Dataset extract

......

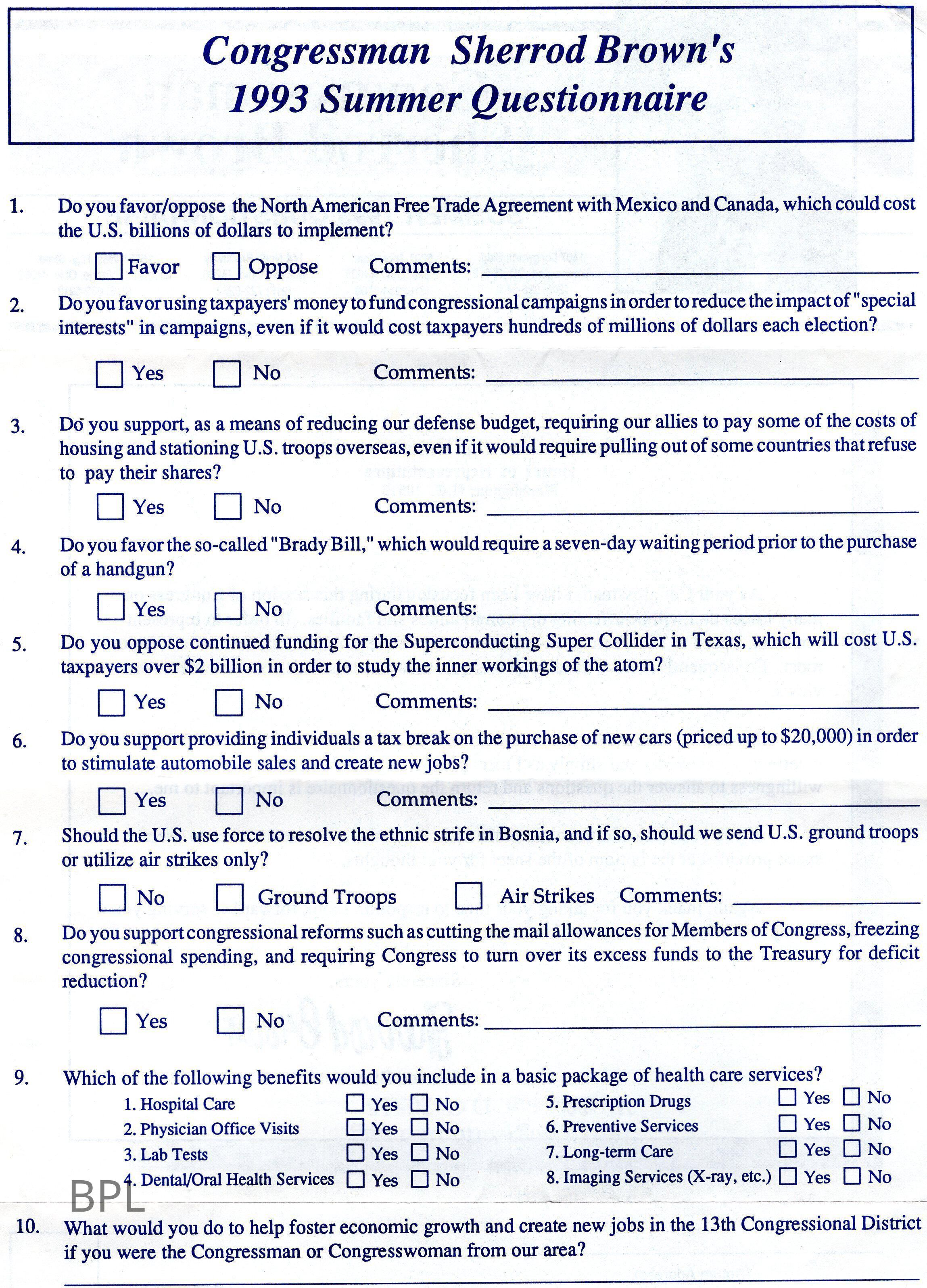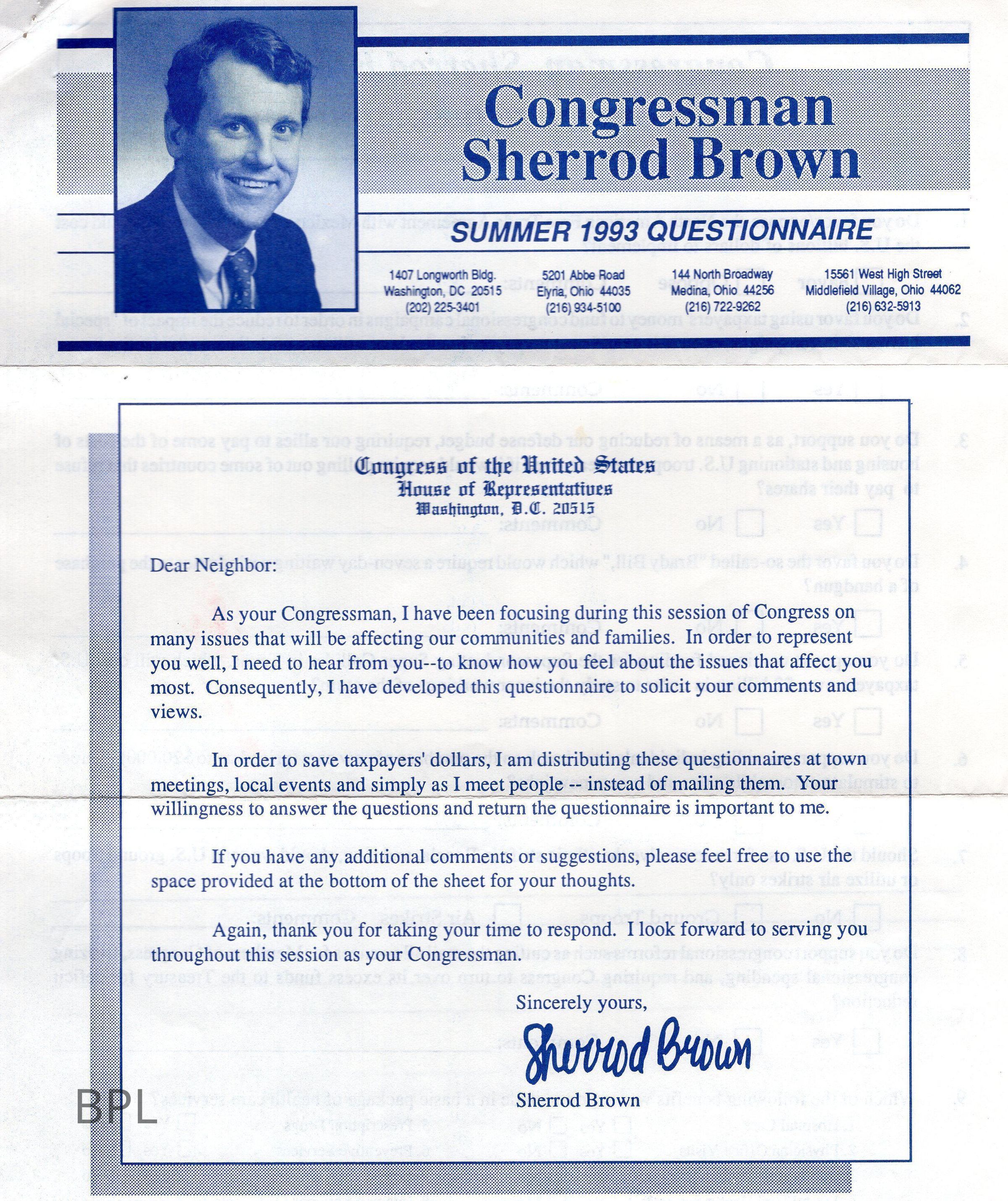 Notice of Town Hall meeting with Sherrod Brown, 1993Entry/Object ID
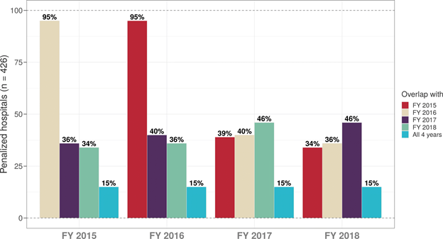 Encontramos la mayor superposición en los hospitales penalizados entre el año fiscal 2015-2016, lo que refleja un cambio de puntuación relativamente modesto entre estos dos años, la introducción de SSI en el Dominio 2 (Fig. 2 ). Sin embargo, cuando comparamos los hospitales sancionados entre los métodos de puntuación del año fiscal 2016 y 2017, la superposición disminuyó a solo el 40% ( n = 169 de 426). Esta disminución fue completamente atribuible a la reponderación de los PSI individuales en el Dominio 1, porque la mayoría de los hospitales sancionados ( ∼ 60%) no informaron ninguna medida del Dominio 2. De manera similar, la falta de superposición entre los hospitales penalizados del año fiscal 2017 y 2018 también fue impulsada por otra recalibración del PSI-90.
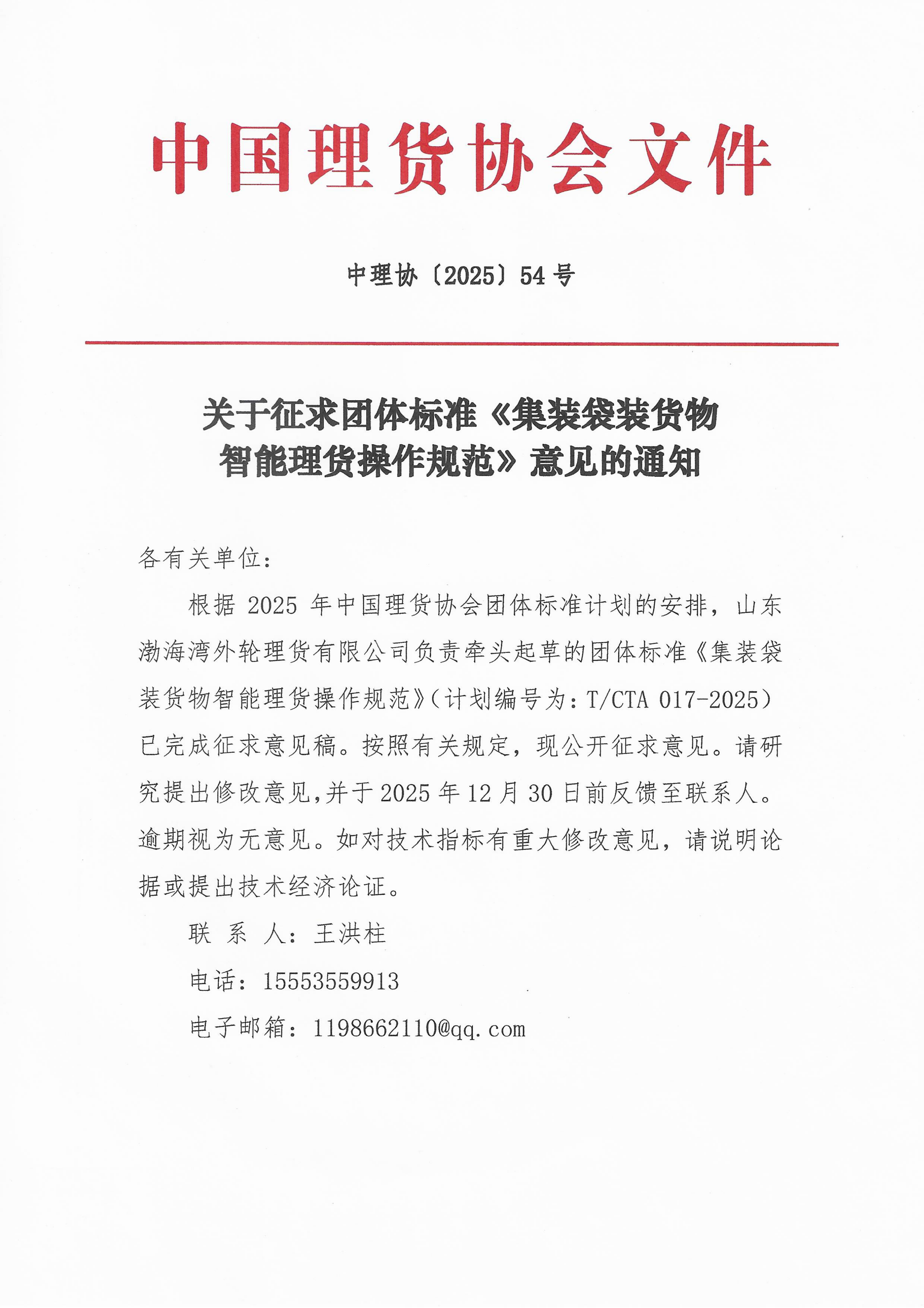 2025054关于征求团体标准《集装袋装货物智能理货操作规范》意见的通知

......

Assignment
Without including any pictures, reproduce the data exactly.

Response area
 Notice of Town Hall meeting with Sherrod Brown, 1993Entry/Object ID
 Encontramos la mayor superposición en los hospitales penalizados entre el año fiscal 2015-2016, lo que refleja un cambio de puntuación relativamente modesto entre estos dos años, la introducción de SSI en el Dominio 2 (Fig. 2 ). Sin embargo, cuando comparamos los hospitales sancionados entre los métodos de puntuación del año fiscal 2016 y 2017, la superposición disminuyó a solo el 40% ( n = 169 de 426). Esta disminución fue completamente atribuible a la reponderación de los PSI individuales en el Dominio 1, porque la mayoría de los hospitales sancionados ( ∼ 60%) no informaron ninguna medida del Dominio 2. De manera similar, la falta de superposición entre los hospitales penalizados del año fiscal 2017 y 2018 también fue impulsada por otra recalibración del PSI-90.
 2025054关于征求团体标准《集装袋装货物智能理货操作规范》意见的通知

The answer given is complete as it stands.